Felipe Nasr concentré sur l’enchaînement Le Mans / Watkins Glen

Felipe Nasr, ancien champion IMSA en DPi et pilote de Formule 1, était aux 24 Heures du Mans le week-end dernier. Il était au volant de la Porsche 963 n°4 Porsche Penske Motorsport avec Mathieu Jaminet et Nick Tandy. Il disputait ses 5e Le Mans et comme l’an dernier, il n’a pas vu l’arrivée. Il va directement enchainer avec l’IMSA où il est l’actuel leader au championnat.

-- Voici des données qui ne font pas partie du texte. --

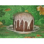 18. Затем вырезала из пастилы цветочки и смазала их соком брусники, украсила куличи. Но вот надо было дать глазури подсохнуть, а я сразу стала украшать и под тяжестью цветочков, она стала стекать.

Le début de semaine du pilote brésilien en Sarthe a été quelque peu compliqué, notamment ses essais qualificatifs sur lesquels il revient. « Ma semaine a bien commencé mais s’est ensuite dégradée car nous avons perdu de la vitesse, puis nous l’avons retrouvée le jeudi. La chose la plus importante était de savoir que nous avions récupéré une voiture compétitive. Nous partions de plus loin à cause des problèmes que nous avons eus en qualifications. Ce n’était donc pas idéal pour commencer, mais je ne m’en souciais pas vraiment car il s’agit de 24 heures de course. Sachant que nous avions une voiture compétitive, nous devions juste être intelligents dans nos décisions, dans notre stratégie, garder notre calme, nous assurer que nous faisions la bonne tactique avec les pneus et gérer la météo. En même temps, le plateau était très compétitif, je n’ai jamais vu cela auparavant. Il y avait beaucoup de bonnes voitures, d’équipes, de constructeurs, de pilotes. Pour nous, il s’agissait de rester dans le peloton, de garder un œil sur les leaders et continuer à avancer au fur et à mesure de la course. »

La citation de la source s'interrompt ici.